◆ Task details: Use the entries below and reproduce exactly the lines from the one containing "Find comfort in" down to the one containing "17日,印度阿格拉,一名警察右手拿槍,左手用手杖鞭笞示威農(nóng)民。", both of them included.

◆ Raw data:

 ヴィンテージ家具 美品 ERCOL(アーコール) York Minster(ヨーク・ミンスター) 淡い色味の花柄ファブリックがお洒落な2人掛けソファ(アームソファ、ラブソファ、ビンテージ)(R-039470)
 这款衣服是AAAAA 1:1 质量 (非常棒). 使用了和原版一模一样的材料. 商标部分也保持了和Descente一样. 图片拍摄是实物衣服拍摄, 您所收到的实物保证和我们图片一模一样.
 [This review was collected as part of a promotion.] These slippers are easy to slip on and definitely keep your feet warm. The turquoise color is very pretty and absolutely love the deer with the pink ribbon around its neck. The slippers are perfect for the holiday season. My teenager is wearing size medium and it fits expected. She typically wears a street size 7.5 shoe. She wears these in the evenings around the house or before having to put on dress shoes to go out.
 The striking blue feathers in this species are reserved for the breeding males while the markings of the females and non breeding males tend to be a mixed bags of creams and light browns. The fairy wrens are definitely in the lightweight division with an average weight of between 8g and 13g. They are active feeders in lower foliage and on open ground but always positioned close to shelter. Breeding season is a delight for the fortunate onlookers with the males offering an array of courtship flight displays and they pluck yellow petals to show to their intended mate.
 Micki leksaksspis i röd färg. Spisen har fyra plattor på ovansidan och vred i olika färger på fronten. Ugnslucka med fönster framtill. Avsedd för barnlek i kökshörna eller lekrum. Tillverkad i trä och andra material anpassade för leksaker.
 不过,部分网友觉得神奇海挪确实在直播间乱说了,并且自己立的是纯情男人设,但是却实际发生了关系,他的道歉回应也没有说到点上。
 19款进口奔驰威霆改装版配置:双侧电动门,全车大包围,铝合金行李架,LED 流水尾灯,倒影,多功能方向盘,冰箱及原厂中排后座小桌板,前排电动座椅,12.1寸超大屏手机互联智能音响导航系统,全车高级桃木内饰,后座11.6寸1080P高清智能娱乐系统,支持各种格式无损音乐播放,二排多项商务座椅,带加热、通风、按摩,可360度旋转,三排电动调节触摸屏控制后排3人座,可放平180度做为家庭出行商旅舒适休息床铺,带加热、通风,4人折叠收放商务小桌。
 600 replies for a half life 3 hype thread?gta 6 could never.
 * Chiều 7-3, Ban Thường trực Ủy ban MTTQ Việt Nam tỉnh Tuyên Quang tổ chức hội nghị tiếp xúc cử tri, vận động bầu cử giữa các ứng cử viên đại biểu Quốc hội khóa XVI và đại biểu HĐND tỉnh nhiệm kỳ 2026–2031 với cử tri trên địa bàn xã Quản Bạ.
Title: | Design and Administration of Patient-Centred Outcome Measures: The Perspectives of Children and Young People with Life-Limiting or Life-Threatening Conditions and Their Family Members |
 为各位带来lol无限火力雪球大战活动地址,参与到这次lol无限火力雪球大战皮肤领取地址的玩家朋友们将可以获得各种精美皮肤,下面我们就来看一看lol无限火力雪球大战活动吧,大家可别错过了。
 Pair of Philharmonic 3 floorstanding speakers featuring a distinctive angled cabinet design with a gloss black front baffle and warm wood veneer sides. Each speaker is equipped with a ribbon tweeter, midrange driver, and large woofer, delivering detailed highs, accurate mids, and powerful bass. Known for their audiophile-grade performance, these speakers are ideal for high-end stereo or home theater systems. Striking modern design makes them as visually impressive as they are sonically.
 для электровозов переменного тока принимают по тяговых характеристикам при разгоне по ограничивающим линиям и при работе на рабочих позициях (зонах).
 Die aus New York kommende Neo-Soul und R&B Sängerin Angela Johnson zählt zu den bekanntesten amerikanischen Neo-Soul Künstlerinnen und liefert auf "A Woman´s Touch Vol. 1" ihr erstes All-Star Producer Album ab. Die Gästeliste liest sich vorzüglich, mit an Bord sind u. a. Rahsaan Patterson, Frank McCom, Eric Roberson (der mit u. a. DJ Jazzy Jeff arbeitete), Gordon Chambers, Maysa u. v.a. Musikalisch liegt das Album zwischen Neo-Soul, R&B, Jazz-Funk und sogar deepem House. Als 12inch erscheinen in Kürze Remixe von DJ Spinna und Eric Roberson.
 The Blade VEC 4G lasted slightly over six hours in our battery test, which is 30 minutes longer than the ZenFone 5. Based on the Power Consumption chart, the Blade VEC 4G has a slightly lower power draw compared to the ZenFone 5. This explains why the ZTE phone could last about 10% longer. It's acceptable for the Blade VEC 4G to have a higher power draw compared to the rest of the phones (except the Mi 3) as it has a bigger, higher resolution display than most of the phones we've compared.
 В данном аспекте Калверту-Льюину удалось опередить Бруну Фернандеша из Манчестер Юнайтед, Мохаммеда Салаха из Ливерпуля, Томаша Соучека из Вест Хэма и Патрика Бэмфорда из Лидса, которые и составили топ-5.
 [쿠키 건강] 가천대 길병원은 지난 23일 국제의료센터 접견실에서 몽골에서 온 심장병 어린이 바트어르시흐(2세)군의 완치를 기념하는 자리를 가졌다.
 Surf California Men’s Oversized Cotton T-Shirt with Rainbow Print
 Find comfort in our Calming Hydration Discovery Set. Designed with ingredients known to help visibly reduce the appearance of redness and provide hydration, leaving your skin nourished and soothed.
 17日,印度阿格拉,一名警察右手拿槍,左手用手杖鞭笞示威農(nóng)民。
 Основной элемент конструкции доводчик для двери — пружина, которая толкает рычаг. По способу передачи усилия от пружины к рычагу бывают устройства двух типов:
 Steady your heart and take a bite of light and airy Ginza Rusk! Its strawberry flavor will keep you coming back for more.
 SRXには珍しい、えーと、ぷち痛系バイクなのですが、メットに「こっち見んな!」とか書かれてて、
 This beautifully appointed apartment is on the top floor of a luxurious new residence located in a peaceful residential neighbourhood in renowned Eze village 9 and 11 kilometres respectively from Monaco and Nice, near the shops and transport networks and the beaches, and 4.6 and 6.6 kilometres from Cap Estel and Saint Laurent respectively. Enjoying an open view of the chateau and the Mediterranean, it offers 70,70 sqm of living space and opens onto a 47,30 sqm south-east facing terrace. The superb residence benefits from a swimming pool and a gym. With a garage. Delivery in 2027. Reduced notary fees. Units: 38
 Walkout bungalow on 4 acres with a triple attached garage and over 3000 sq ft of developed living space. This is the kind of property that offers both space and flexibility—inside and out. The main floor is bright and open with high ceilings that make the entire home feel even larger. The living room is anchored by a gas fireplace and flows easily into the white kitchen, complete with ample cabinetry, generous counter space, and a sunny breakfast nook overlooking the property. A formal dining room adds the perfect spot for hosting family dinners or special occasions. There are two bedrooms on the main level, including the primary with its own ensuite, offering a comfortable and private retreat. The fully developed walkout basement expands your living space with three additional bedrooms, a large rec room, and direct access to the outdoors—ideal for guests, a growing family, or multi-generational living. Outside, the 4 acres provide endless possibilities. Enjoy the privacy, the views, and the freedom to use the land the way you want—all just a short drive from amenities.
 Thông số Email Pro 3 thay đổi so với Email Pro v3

◆ Reply:
 Find comfort in our Calming Hydration Discovery Set. Designed with ingredients known to help visibly reduce the appearance of redness and provide hydration, leaving your skin nourished and soothed.
 17日,印度阿格拉,一名警察右手拿槍,左手用手杖鞭笞示威農(nóng)民。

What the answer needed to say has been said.